# [Work order]
Find the line with "به گزارش فوتبال" in the entries below, then output every line from it down to the line with "银色爆款厚底老爹鞋女2026新款春季小个子增高松糕休闲运动鞋34码", exactly and with no pictures.

# [Stored data]
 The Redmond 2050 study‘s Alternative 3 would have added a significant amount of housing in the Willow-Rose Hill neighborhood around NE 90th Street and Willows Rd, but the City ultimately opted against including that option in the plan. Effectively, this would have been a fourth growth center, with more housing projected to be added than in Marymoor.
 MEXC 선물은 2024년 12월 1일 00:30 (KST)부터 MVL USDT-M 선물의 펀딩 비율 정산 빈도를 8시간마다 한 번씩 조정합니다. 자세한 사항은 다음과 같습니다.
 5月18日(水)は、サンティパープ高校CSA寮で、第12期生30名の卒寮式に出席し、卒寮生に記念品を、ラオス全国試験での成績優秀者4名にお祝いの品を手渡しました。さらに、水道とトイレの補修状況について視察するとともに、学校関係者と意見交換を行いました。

---

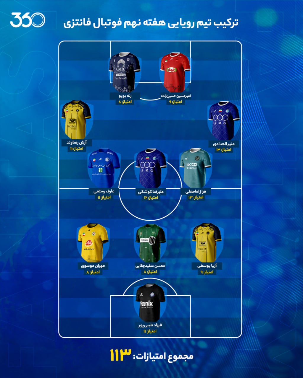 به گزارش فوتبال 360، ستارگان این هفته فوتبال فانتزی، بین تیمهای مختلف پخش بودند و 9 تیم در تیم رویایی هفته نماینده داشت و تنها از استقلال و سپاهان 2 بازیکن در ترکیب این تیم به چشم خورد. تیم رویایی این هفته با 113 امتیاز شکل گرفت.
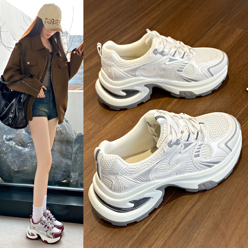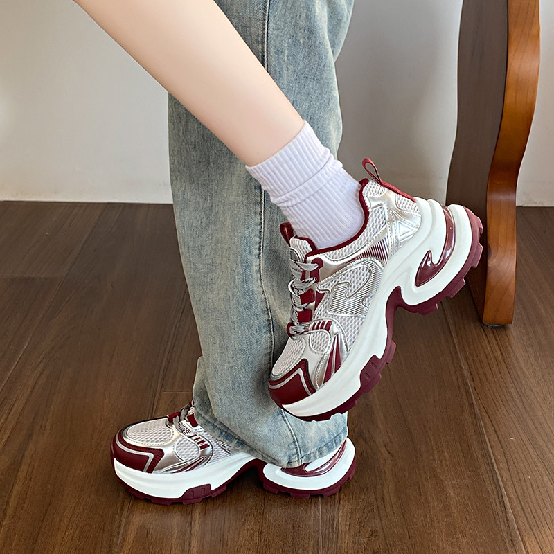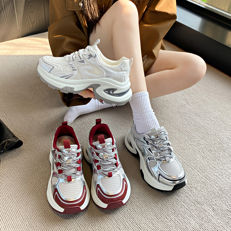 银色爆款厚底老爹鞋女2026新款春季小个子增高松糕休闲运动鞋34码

* * *

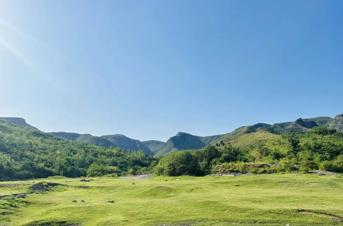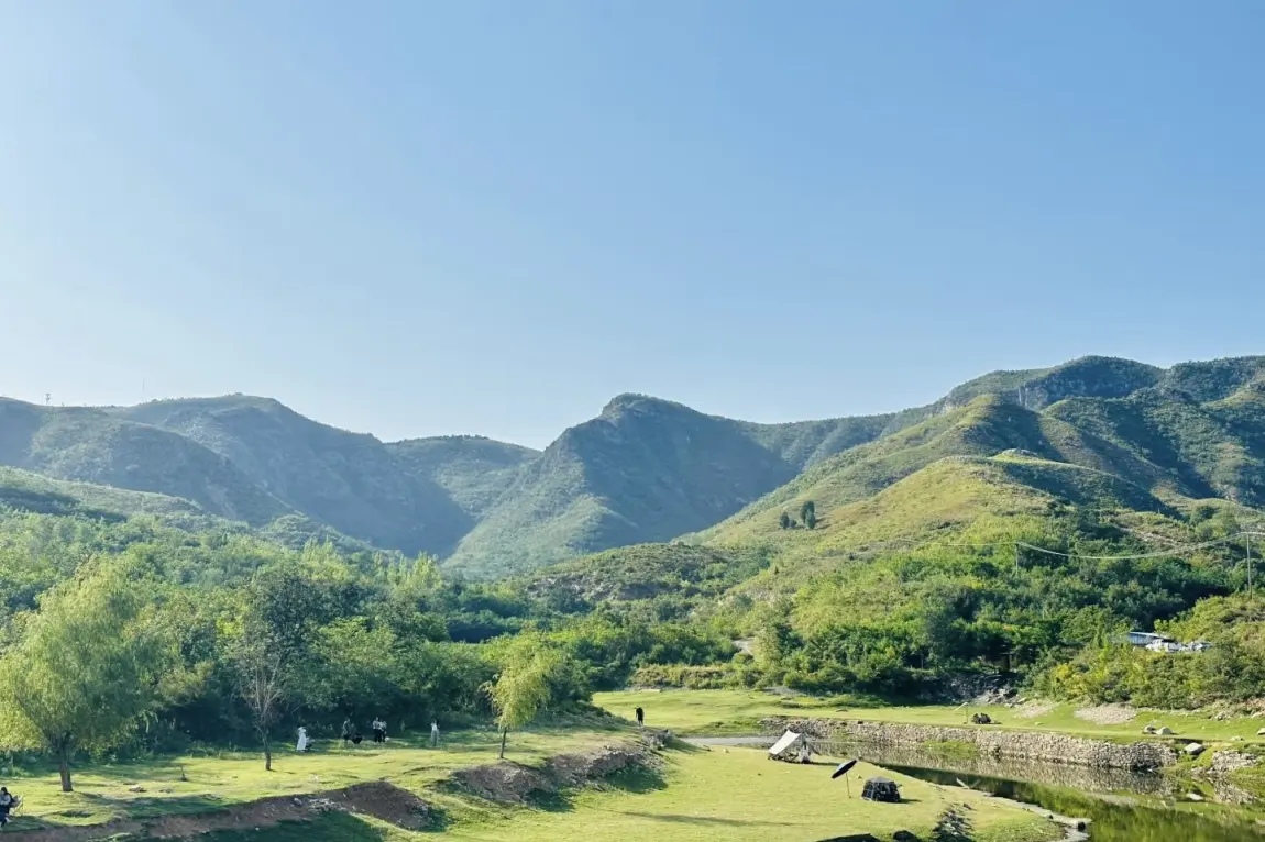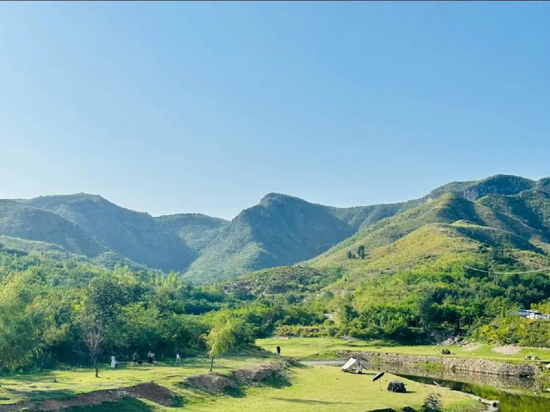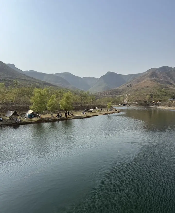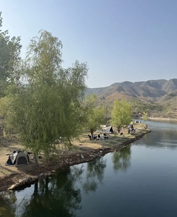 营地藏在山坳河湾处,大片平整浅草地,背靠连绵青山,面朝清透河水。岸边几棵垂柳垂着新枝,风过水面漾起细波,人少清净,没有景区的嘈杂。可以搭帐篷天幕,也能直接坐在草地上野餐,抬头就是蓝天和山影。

# [Problem solution]
 به گزارش فوتبال 360، ستارگان این هفته فوتبال فانتزی، بین تیمهای مختلف پخش بودند و 9 تیم در تیم رویایی هفته نماینده داشت و تنها از استقلال و سپاهان 2 بازیکن در ترکیب این تیم به چشم خورد. تیم رویایی این هفته با 113 امتیاز شکل گرفت.
 银色爆款厚底老爹鞋女2026新款春季小个子增高松糕休闲运动鞋34码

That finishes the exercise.